Building Smart Data Agents with LLMs

Summary

This article explores how to build Large Language Model (LLM) powered data agents for data analysis. These agents are designed to handle complex data analysis tasks by leveraging various tools and memory modules. We will delve into the components of an LLM agent, including tools, memory, planning, and the agent core, and demonstrate how to create a data agent for inventory management.

Understanding LLM Agents

LLM agents are sophisticated systems that combine planning capabilities, memory, and tools to perform tasks requested by users. They are particularly useful for data analysis tasks that require reasoning, search, and planning capabilities.

Types of LLM Agents

There are two main types of LLM agents:

  • Data Agents: These agents are designed for extractive goals, helping users extract information from various data sources. They assist with assistive reasoning tasks, such as answering questions about inventory levels or financial data.
  • API or Execution Agents: These agents are designed for execution goals, carrying out tasks or sets of tasks requested by users. They can interact with external services or APIs to perform tasks like organizing data in spreadsheets.

Building a Data Agent

To build a data agent, we need to identify the LLM to use, select a use case, and define the necessary tools and memory modules.

Choosing an LLM

For this example, we will use the Mixtral 8x7B LLM available in the NVIDIA NGC catalog. This model accelerates various models and makes them available as APIs.

Selecting a Use Case

Our use case is talking to an SQL database for inventory management. We will populate the database with tables containing supplier information, product details, and inventory levels.

Defining Tools and Memory

Our data agent will use two tools:

  • Calculator: For basic calculations needed after querying the data.
  • SQL Query Executor: For querying the database for raw data.

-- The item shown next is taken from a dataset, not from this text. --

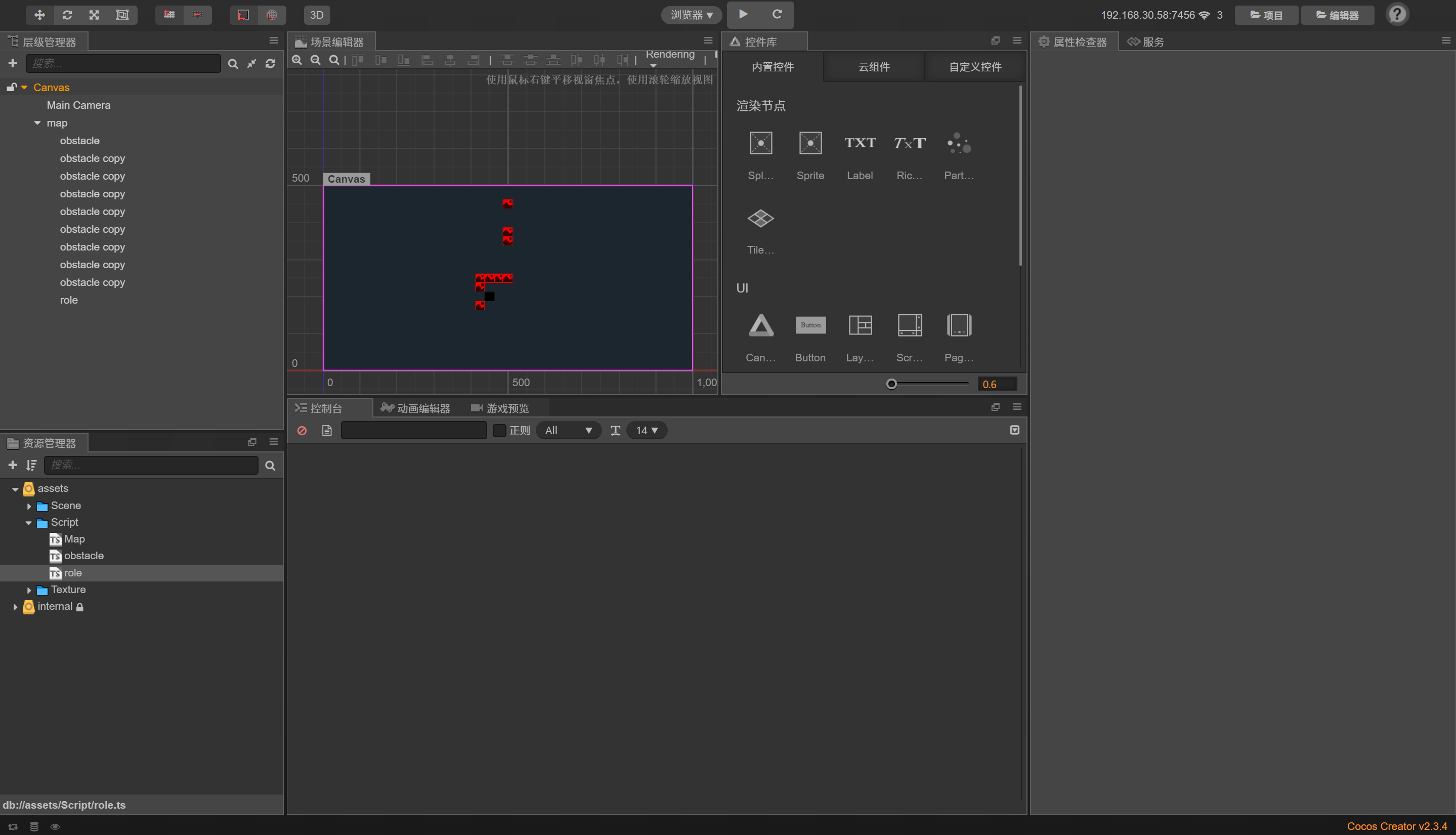 新建三个脚本文件role.ts Map.ts obstacle.ts

The memory module will be a simple buffer or list to keep track of all the agent’s actions.

Planning Module

The planning module will use a linear greedy approach. We will create a “faux tool” for “generate the final answer” to guide the agent in selecting the appropriate tools.

Example: Inventory Management

Let’s consider an example where a user asks, “How much excess inventory do I have for Google Pixel 6?”

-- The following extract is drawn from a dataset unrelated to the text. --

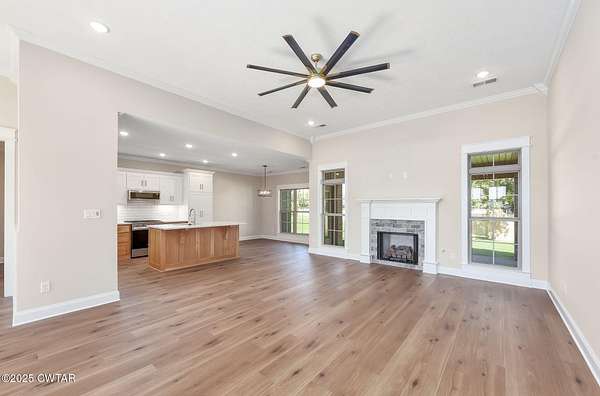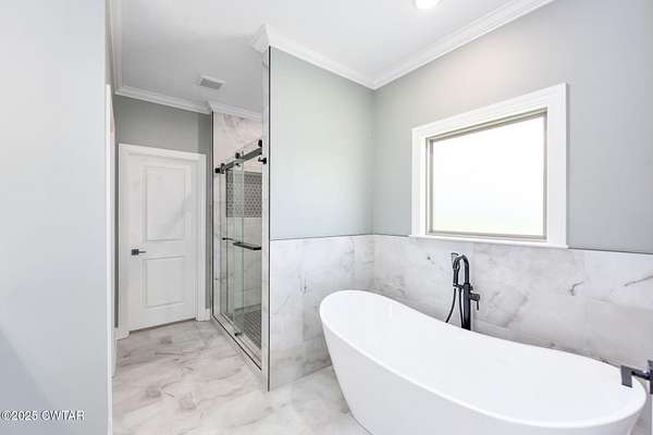 - Ceiling Fan(s), Ceramic Tile Shower, Crown Molding, Double Vanity, Granite Counters, Kitchen Island, Open Floorplan, Soaking Tub, Tray Ceiling(s)

To solve this question, the agent will perform the following steps:

  1. QueryDB Tool:

    • Generate SQL query to retrieve the current quantity and minimum required quantity for Google Pixel 6.
    • Query the database and store the results in memory.
  2. Calculator Tool:

    • Solve the math problem to calculate the excess inventory by subtracting the minimum required quantity from the current quantity.
    • Store the results in memory.
  3. Final Answer Generation:

    • Use the results from the previous steps to generate the final answer.

Agent Core

The agent core will use the following prompt to guide the agent:

You are an agent capable of using a variety of tools to answer a data analytics question.
Always use memory to help select the tools to be used.

Memory:
- Previous Question: How much excess inventory do we have for 'Google Pixel 6'?
- SQL Query: SELECT inventory.id, inventory.quantity, inventory.min_required FROM inventory WHERE product_id = 7

Tools:
- Generate Final Answer: Use if answer to user's question can be given with memory.
- Calculator: Use this tool to solve mathematical problems.
- Query_Database: Write an SQL query to query the database.

Answer Format:
- tool_name: Calculator

Table: Example Database Schema

Table Name Columns
suppliers name, address, contact
products name, description, price, supplier_id
inventory product_id, quantity, min_required

Table: Example Inventory Data

Product ID Quantity Min Required
1 150 30
2 100 20
3 120 30
4 80 15
5 200 40
6 150 25
7 100 20
8 90 18
9 170 35
10 220 45

Table: Example Product Data

Product ID Name Description Price Supplier ID
1 Samsung Galaxy S21 Samsung flagship smartphone 799.99 1
2 Samsung Galaxy Note 20 Samsung premium smartphone with stylus 999.99 1
3 iPhone 13 Pro Apple flagship smartphone 999.99 2
4 iPhone SE Apple budget smartphone 399.99 2
5 OnePlus 9 High performance smartphone 729.00 3
6 OnePlus Nord Mid-range smartphone 499.00 3
7 Google Pixel 6 Google’s latest smartphone 599.00 4
8 Google Pixel 5a Affordable Google smartphone 449.00 4
9 Xiaomi Mi 11 Xiaomi high-end smartphone 749.99 5
10 Xiaomi Redmi Note 10 Xiaomi budget smartphone 199.99 5

Conclusion

Building LLM-powered data agents can significantly enhance data analysis capabilities. By combining planning modules, memory, and various tools, these agents can handle complex tasks and provide highly personalized answers. This article has demonstrated how to create a data agent for inventory management, showcasing the potential of LLM agents in real-world applications.